Dropbox will probably not initially be loved on public markets as much as it was by venture capitalists.
That’s after the storage company disclosed Monday that it would sell new shares at between $16 and $18 a share, meaning Dropbox would be valued at around $7 billion at the high end of the range. That’s well behind the $10 billion that it was valued at during its last round of private financing in 2014.
The company could always perform unusually well when trading opens — a 40 percent to 60 percent “pop” on opening day would lift the company back up to its prior valuation — but that’s a big gamble. Instead, the company’s shareholders will most likely see the value of their shares fall when Dropbox, under ticker symbol DBX, begins trading on the Nasdaq.
The performance of Dropbox — along with Spotify, which is also expected to trade publicly in the early spring — will be watched closely by venture capitalists as the two marquee IPOs of the first half of the year. There’s a chance that some companies shy away from going public if they see companies like Dropbox are valued more highly when they stay private than when they go public.

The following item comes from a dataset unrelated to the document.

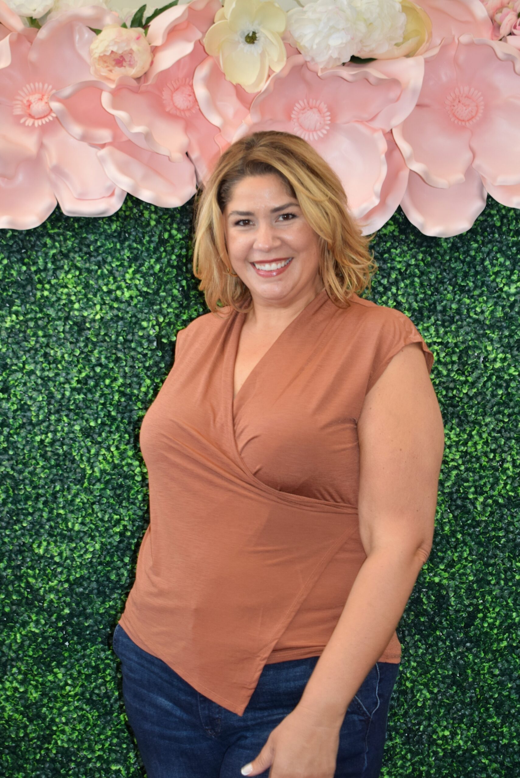 Meet the Dear Scarlett Surplice Top – a timeless wrap-style blouse designed for real women, real bodies, and real life. With its flattering crossover neckline and easy-drape hem, this rust-colored top highlights your curves without clinging, making it a customer favorite for both office days and casual outings.

Dropbox’s $10 billion valuation has served as something of an albatross for the company, causing it for years to fend off questions about whether it was overvalued. The company has acknowledged that valuations were very “different” in 2014 than they are today, and it’ll still be a substantial exit for its venture capital backers, primarily Sequoia and Accel.
The company said it would raise as much as $648 million in the offering, according to the filing. Salesforce Ventures will also buy $100 million in shares in a private placement.